Did any ones Tegu loose some teeth before ?


----------



## bubbategu2 (Dec 25, 2009)

That is so weird!! I was just going to write a post about my rescue Colombian loosing his teeth. I found one the other day on the floor and I wasn't sure where it came from. But I just now found another tooth in his cage! So he's the one that is loosing them. He hasn't been eating well lately either-he's given up eating F/T hopper or bigger mice. He only wants to eat something without hair. He wouldn't even eat a baby rat, but he eats chicken and ground turkey just fine. Mostly he just wants to sleep.

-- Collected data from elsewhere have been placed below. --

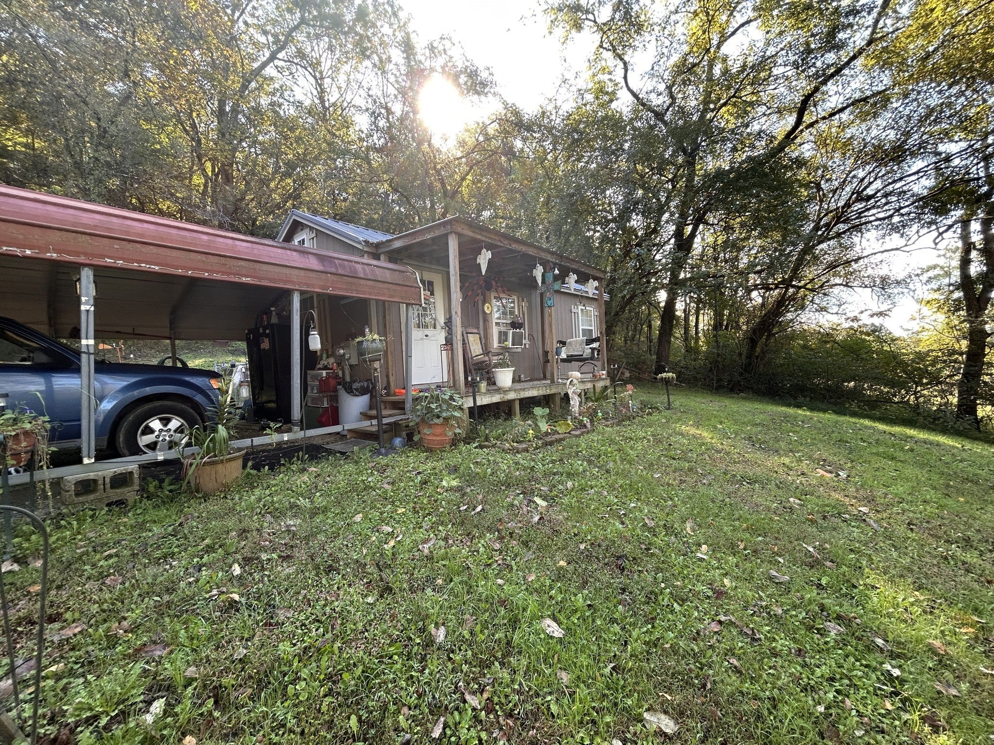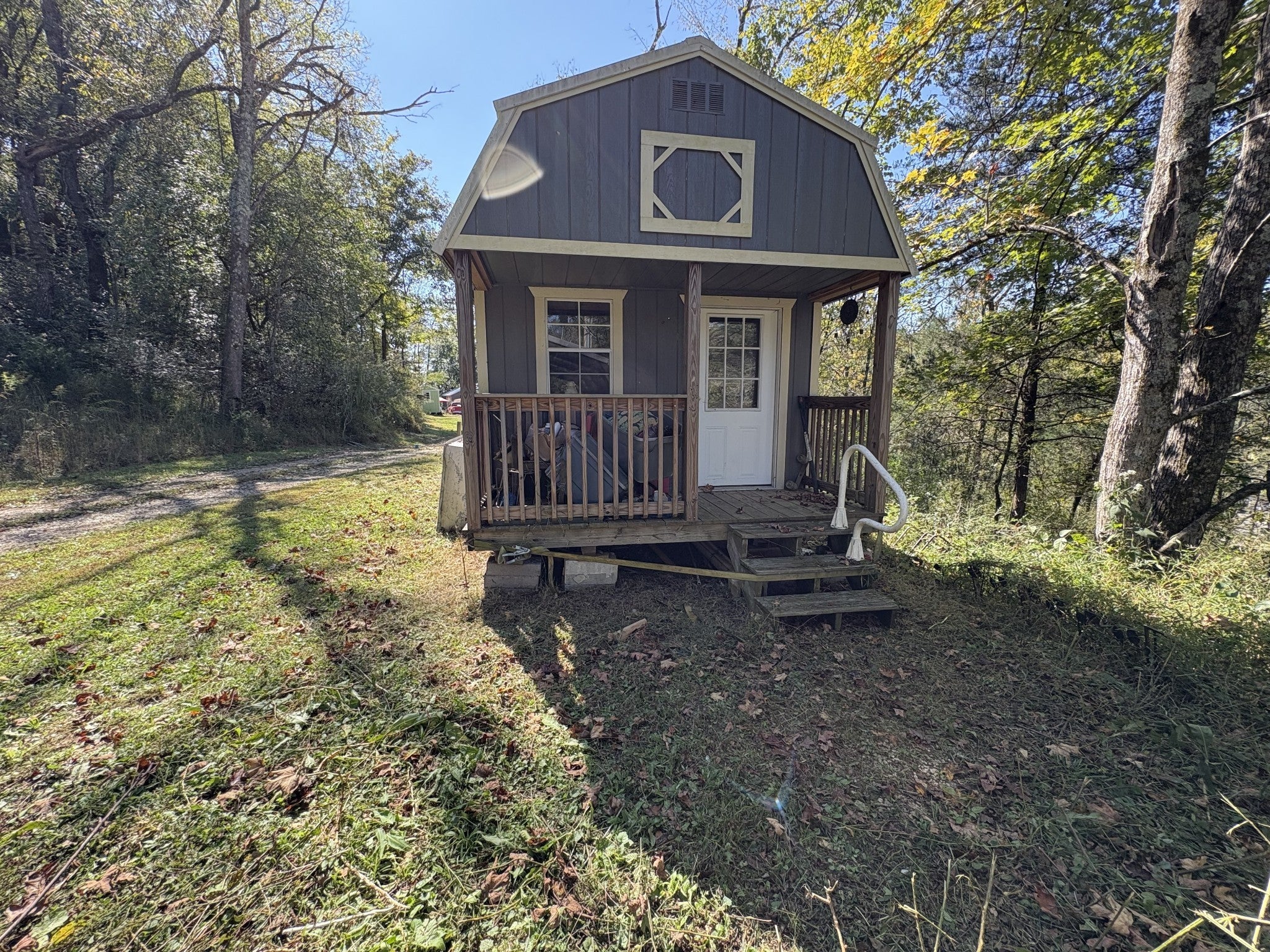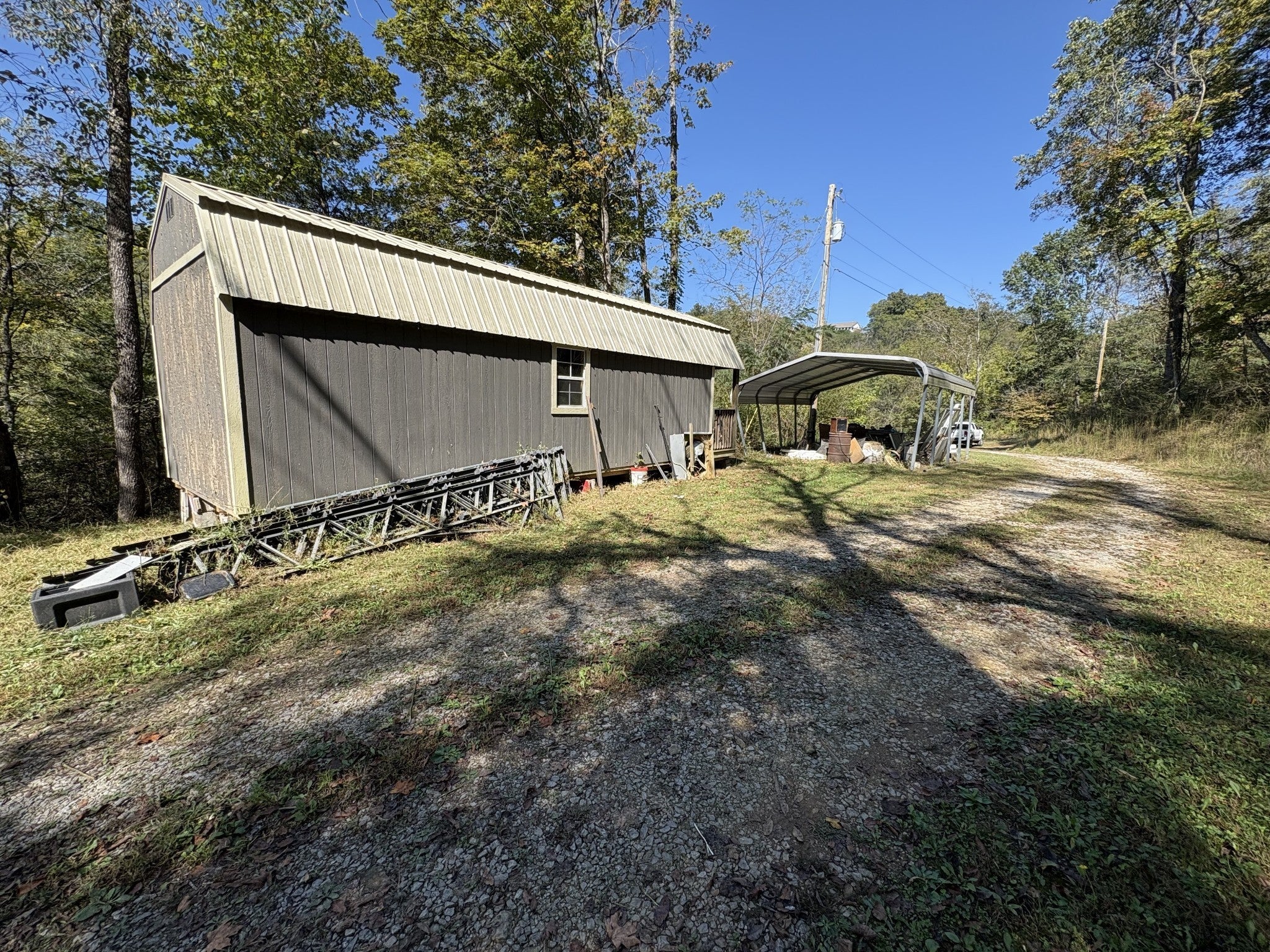 Opportunity awaits on 9 rolling, unrestricted acres featuring a finished 14’ x 28’ tiny home on a permanent foundation with septic, water, and electric. The property also includes an 8’ x 12’ utility building and a second unfinished 11’ x 32’ tiny home with a 3’ covered front porch, ready for completion and utility connection. Ideal for a weekend retreat, future residence, or investment opportunity. Note: The finished tiny home is a converted utility structure, not a traditional site-built residence. Tenant occupied—do not disturb renter.
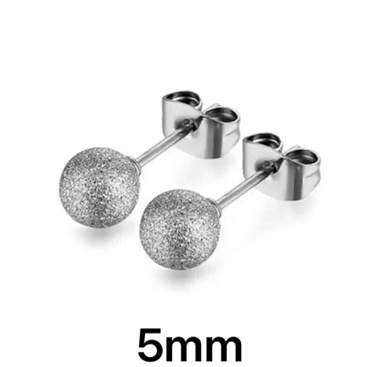 お肌に優しいステンレス製のフロストボールピアスです。ユニセックスデザインの、シンプルな5mmのボールがさりげなくきらりと光って綺麗です。
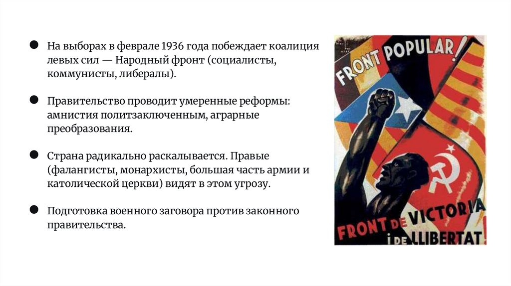 ● На выборах в феврале 1936 года побеждает коалициялевых сил — Народный фронт (социалисты,

I'm not sure how old he is but I think he's about two.


----------



## txrepgirl (Dec 25, 2009)

Hi Jeff. Wow, I'm wondering what is going on with our ( your Tegu and mine ) Tegus. I'm going to make a vet appointment on Monday and I'll let you know what the vet says as soon as I find out what is going on. Hope you had a good Christmas.


----------



## bubbategu2 (Dec 25, 2009)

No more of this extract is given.